Perquisizioni sono in corso nelle sedi della SSC Calcio, della SSC Napoli e della Filmauro srl nell'ambito di una indagine della Guardia di Finanza, coordinata dalla Procura di Bari a carico di Luigi e Aurelio De Laurentiis. I due, il primo amministratore unico della SSC Bari e il padre presidente del cda del Napoli e legale rappresentante della Filmauro, sono indagati per i reati di false comunicazioni sociali (bilancio dell'esercizio 2024 del Bari calcio) e bancarotta fraudolenta connessa alla richiesta di apertura della procedura di liquidazione giudiziale, presentata per l'insolvenza della società sportiva barese.
Il provvedimento scaturisce - spiega la Guardia di Finanza che sta eseguendo le perquisizioni su disposizione della Procura di Bari - da approfondimenti sui bilanci, note integrative e relazioni sulla gestione della società barese, supportati da consulenze tecniche, all'esito dei quali è emerso che la SSC Bari, in perdita sistemica (circa 30 milioni di euro nel periodo 2019-2025), "risulta gravata da rilevante deficit patrimoniale e da consistente esposizione debitoria, in assenza di un concreto piano di riequilibrio".

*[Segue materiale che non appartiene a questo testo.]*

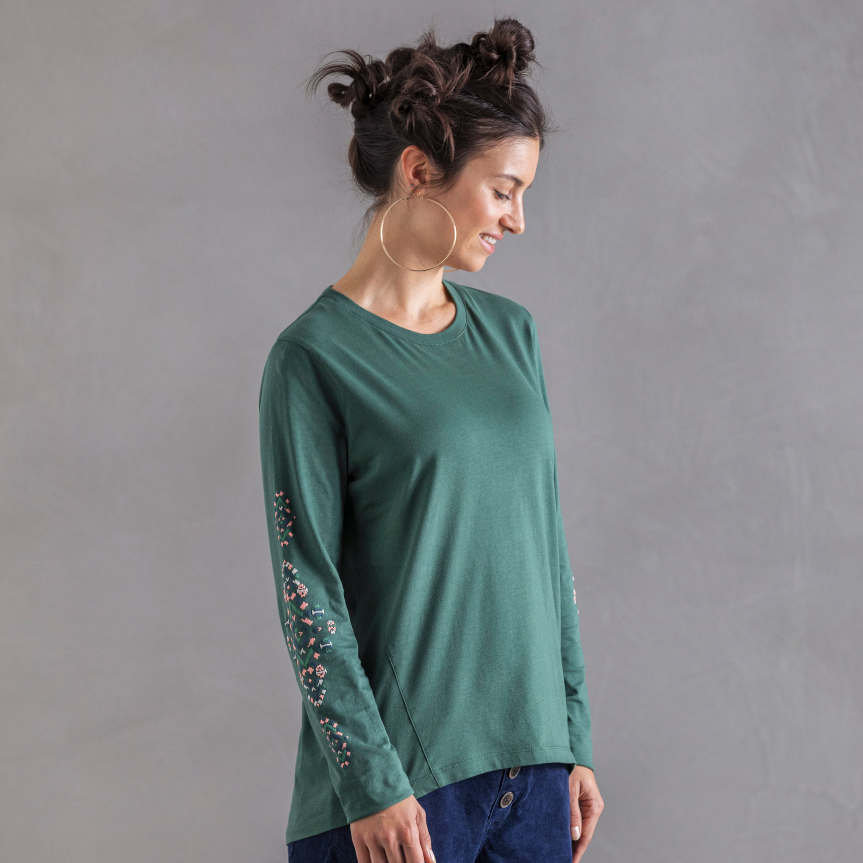 女長袖印花圓領衫 / 20MA30412-米 白、叢林綠

Sono state perquisite la sede della Società Sportiva calcio Bari, nel capoluogo pugliese, la sede legale della Filmauro, a Roma, e la sede legale della Società Sportiva calcio Napoli nel capoluogo campano. Le Fiamme Gialle intendono esaminare la documentazione contabile ed extracontabile, sia informatica che cartacea, anche custodita o memorizzata nei pc, supporti di memoria di massa, fissa o mobile, server aziendali attinenti alle società interessate, con particolare riferimento alla cessione del portiere Elia Caprile dal Bari al Napoli a luglio 2023 ed il successivo prestito di quest'ultimo all'Empoli e la cessione definitiva del calciatore al Cagliari.
A quanto risulta dai documenti visionati dall'Adnkronos, padre e figlio, Aurelio e Luigi De Laurentiis, avrebbero agito in concorso per ingannare il pubblico e conseguire per la società Sportiva Calcio Napoli Spa un profitto ingiusto, esponendo in modo fraudolento nel bilancio dell'esercizio 2024 della Società Sportiva Calcio Bari, quest'anno retrocessa in serie C ma all'epoca in serie B, fatti materiali rilevanti non veritieri. E' il cuore dell'ipotesi di reato a loro carico di false comunicazioni sociali alla base delle perquisizioni effettuate questa mattina dalla Guardia di Finanza di Bari nell'ambito delle indagini coordinate dalla Procura della Repubblica del capoluogo pugliese. Inoltre avrebbero omesso nello stesso bilancio informazioni necessarie per una corretta valutazione economica, finanziaria e patrimoniale della società sportiva pugliese, correlata a quella del Napoli, in modo da trarre in inganno i destinatari del documento contabile. Nel bilancio non sarebbe stato rappresentato compiutamente il trasferimento di un potenziale valore, di importo significativo a beneficio della società Ssc Napoli relativo alla cessione del portiere Elia Caprile. Si sarebbe trattato di una operazione compiuta in un contesto di perdite strutturali e di dipendenza finanziaria dalla capogruppo Filmauro srl.
Secondo gli inquirenti il bilancio non avrebbe evidenziato adeguatamente la natura dell'operazione che si sarebbe svolta all'interno di uno stesso gruppo societario; i criteri adottati per la determinazione del corrispettivo; la valutazione del potenziale valore futuro del calciatore , le ragioni per le quali la Ssc Bari Spa, che cedeva, avesse rinunciato a qualsiasi forma di partecipazione al plusvalore successivamente realizzato dalla Ssc Napoli.